Реальная почва для этого состояла опять-таки в нежелании правящих сфер понять непреложные свойства и пути революции, в неумении учесть ее требования и поспевать за ее объективным ходом. Последствия же этого состояли не только в неурядице и развале: они заключались, между прочим, и в том, что аппарат правительства под влиянием всего этого стал атрофироваться и вытесняться советскими органами. Правительство стало все более напоминать пароходный винт, вертящийся в воздухе и не производящий никакой полезной работы. Оно становилось все более не нужным – объективно и в глазах народных масс.

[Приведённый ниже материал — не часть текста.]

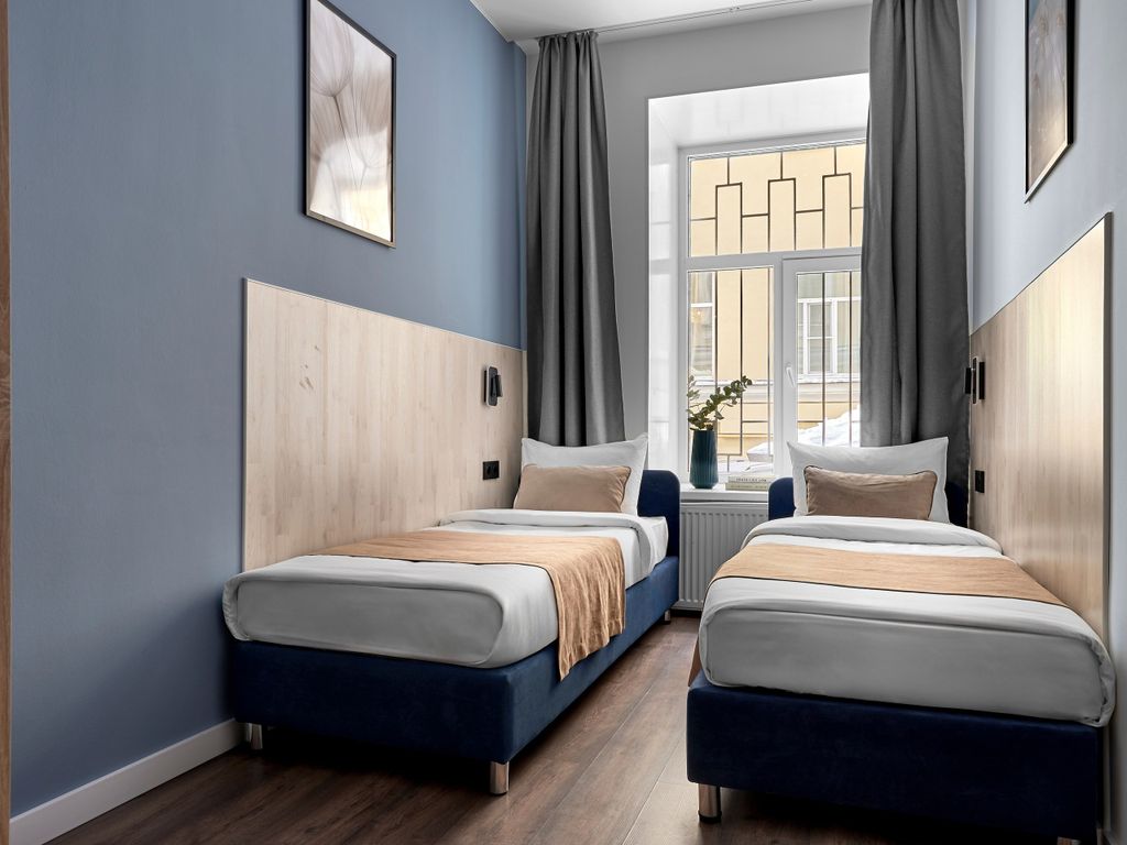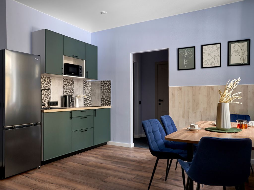 Трёхкомнатные уютные апартаменты для комфортного размещения до 6 гостей — пространство, где тишина становится частью отдыха. Окна выходят в спокойный внутренний двор без городского шума и суеты, поэтому здесь легко выспаться, восстановить силы и почувствовать настоящее уединение даже в центре событий. В апартаментах расположены три отдельные спальни: • первая спальня — две односпальные кровати 80×200 (кровать-бокс) с возможностью удобного раздельного размещения; • вторая спальня — две односпальные кровати 80×200 (кровать-бокс); • третья спальня — двуспальная кровать шириной 140 см, идеально подходящая для глубокого и комфортного сна. Отдельная гостиная зона позволяет проводить время вместе, не нарушая приватность спален — удобно для семей, друзей или деловых поездок. Апартаменты оборудованы собственной кухней (плита, холодильник, микроволновая печь) и стиральной машиной — всё продумано для длительного и комфортного проживания. Для дополнительного удобства гостям предоставляется утюг. О
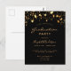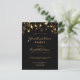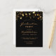 Una glamorosa tarjeta de invitación para una fiesta de graduación de 2023 para él y ella. Un fondo negro decorado con estrellas de oro falsas. Personalice y agregue un nombre y detalles del fiesta. El texto Graduación y el nombre están escritos con escritura de estilo con letras a mano moderna. Texto dorado. Atrás: diseño de postal

Необходимо упомянуть и еще об одном существенном явлении нашей государственной жизни этого периода. Сепаратизм стал проявляться не только в бутафорско-уездной форме, как плод естественного, но сравнительно легко устранимого недоразумения. Начался и достиг угрожающих пределов гораздо более серьезный – национальный и областной – сепаратизм.
Все, кому было не лень, стали требовать автономии, а иногда явочным порядком стали проводить ее. Революционную Россию хотели растащить по частям, как будто только царская нагайка и спаивала ее в государственное целое. Не только Финляндия заговорила об отделении, не только заговорили об этом на Кавказе, но и Украина, Крым, Сибирь стали кричать о том же.
Это было неизбежное вообще и совершенно несущественное явление – поскольку все это были выдумки досужих интеллигентов, не знающих, что с собой делать на арене новой общественности. Если бы было только это, то можно было с полным правом игнорировать этот сепаратизм и дать ему изжить себя в одной только шумихе и детской игре.
Но дело было не так. Интеллигентские затеи опять-таки становились на реальную почву. Их поддерживали массы. Они питались, росли и процветали за счет все того же источника: революционная власть не поспевала за нуждами народа, за Требованиями революции. И нации, и области говорили: управимся лучше сами.
Парализовать этот процесс можно было меньше всего централистскими актами и заявлениями «великодержавного», но бессильного правительства. На это Милюков и его друзья не скупились, по, разумеется, безрезультатно. Парализовать этот нелепый сепаратизм можно было только одним способом: решительной демократизацией всей государственной системы. Только это могло изолировать досужих интеллигентов и сделать никчемными, абсурдными их затеи в глазах масс. Но этот путь был чужд и неприемлем для нашей «ответственной» власти. И в этой области, и с этой стороны ее политика готовила крах.
Таково было в общем положение дел в государстве. Все сказанное, на мой взгляд, было существенно и характерно. Но все это – не самое существенное и не самое характерное.